***** Provided entries

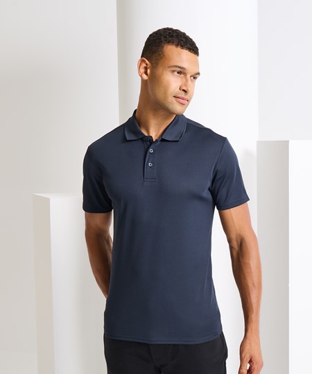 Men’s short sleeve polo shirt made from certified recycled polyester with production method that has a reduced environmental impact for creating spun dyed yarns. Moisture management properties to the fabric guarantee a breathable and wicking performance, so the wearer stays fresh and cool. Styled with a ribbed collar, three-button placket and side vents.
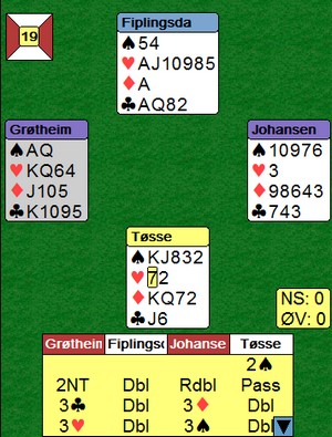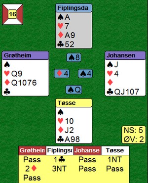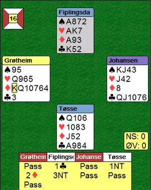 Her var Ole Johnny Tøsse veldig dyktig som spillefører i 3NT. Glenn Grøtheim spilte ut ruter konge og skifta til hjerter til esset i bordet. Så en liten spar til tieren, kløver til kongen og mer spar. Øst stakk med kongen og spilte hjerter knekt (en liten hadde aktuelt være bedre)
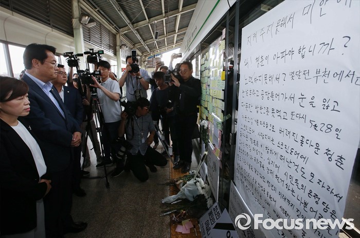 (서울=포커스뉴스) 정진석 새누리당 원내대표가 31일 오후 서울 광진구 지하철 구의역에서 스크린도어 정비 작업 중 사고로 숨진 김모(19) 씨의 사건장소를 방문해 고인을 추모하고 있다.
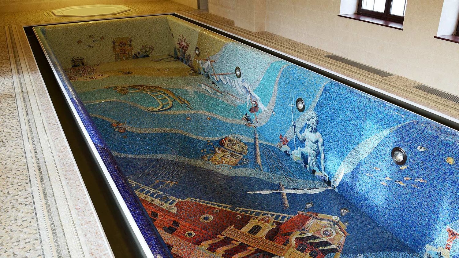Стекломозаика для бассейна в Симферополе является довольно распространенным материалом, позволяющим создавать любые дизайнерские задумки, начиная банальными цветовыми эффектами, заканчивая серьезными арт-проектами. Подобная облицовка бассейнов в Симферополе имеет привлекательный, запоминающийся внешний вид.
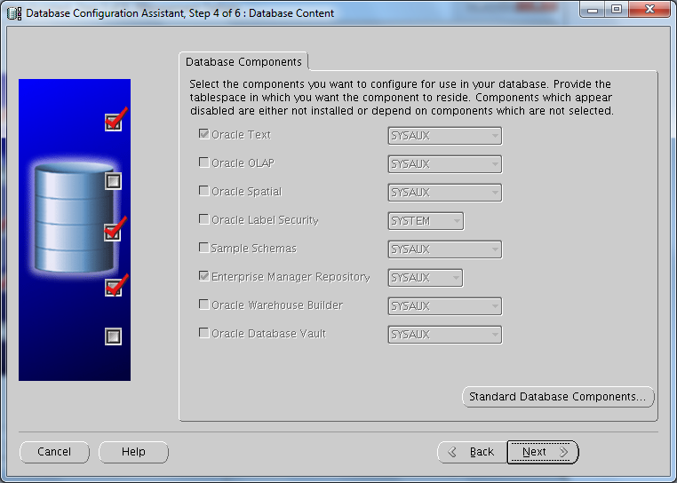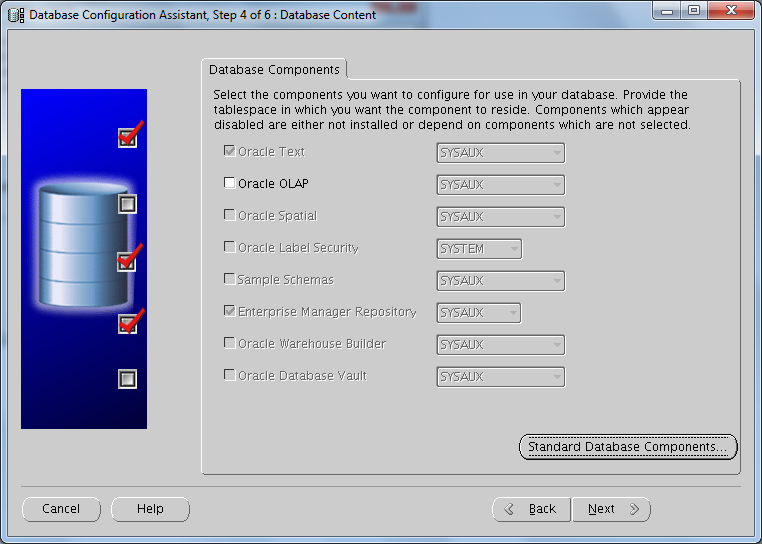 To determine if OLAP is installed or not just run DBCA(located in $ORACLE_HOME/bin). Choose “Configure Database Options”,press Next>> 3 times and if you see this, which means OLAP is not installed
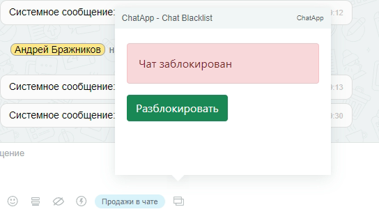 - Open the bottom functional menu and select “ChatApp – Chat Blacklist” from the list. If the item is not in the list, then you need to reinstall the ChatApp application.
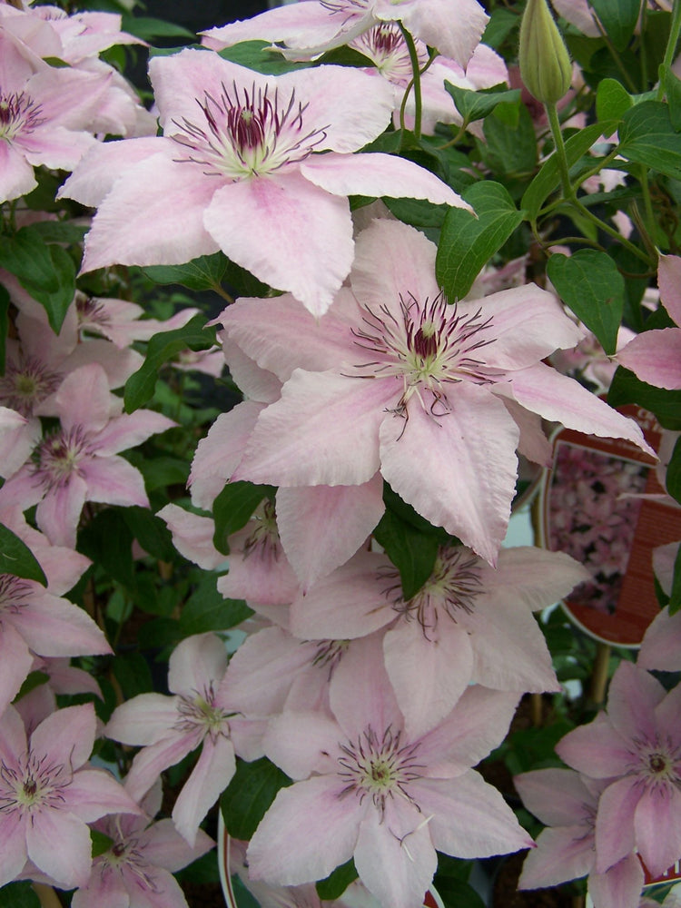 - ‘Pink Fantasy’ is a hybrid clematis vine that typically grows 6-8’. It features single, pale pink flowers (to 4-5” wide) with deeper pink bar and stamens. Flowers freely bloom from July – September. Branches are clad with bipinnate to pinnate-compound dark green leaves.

**********

Your instructions:
Only the pictures are to be dropped; return everything else in the listing exactly.

Response to this task:
 Men’s short sleeve polo shirt made from certified recycled polyester with production method that has a reduced environmental impact for creating spun dyed yarns. Moisture management properties to the fabric guarantee a breathable and wicking performance, so the wearer stays fresh and cool. Styled with a ribbed collar, three-button placket and side vents.
 Her var Ole Johnny Tøsse veldig dyktig som spillefører i 3NT. Glenn Grøtheim spilte ut ruter konge og skifta til hjerter til esset i bordet. Så en liten spar til tieren, kløver til kongen og mer spar. Øst stakk med kongen og spilte hjerter knekt (en liten hadde aktuelt være bedre)
 (서울=포커스뉴스) 정진석 새누리당 원내대표가 31일 오후 서울 광진구 지하철 구의역에서 스크린도어 정비 작업 중 사고로 숨진 김모(19) 씨의 사건장소를 방문해 고인을 추모하고 있다.
Стекломозаика для бассейна в Симферополе является довольно распространенным материалом, позволяющим создавать любые дизайнерские задумки, начиная банальными цветовыми эффектами, заканчивая серьезными арт-проектами. Подобная облицовка бассейнов в Симферополе имеет привлекательный, запоминающийся внешний вид.
 To determine if OLAP is installed or not just run DBCA(located in $ORACLE_HOME/bin). Choose “Configure Database Options”,press Next>> 3 times and if you see this, which means OLAP is not installed
 - Open the bottom functional menu and select “ChatApp – Chat Blacklist” from the list. If the item is not in the list, then you need to reinstall the ChatApp application.
 - ‘Pink Fantasy’ is a hybrid clematis vine that typically grows 6-8’. It features single, pale pink flowers (to 4-5” wide) with deeper pink bar and stamens. Flowers freely bloom from July – September. Branches are clad with bipinnate to pinnate-compound dark green leaves.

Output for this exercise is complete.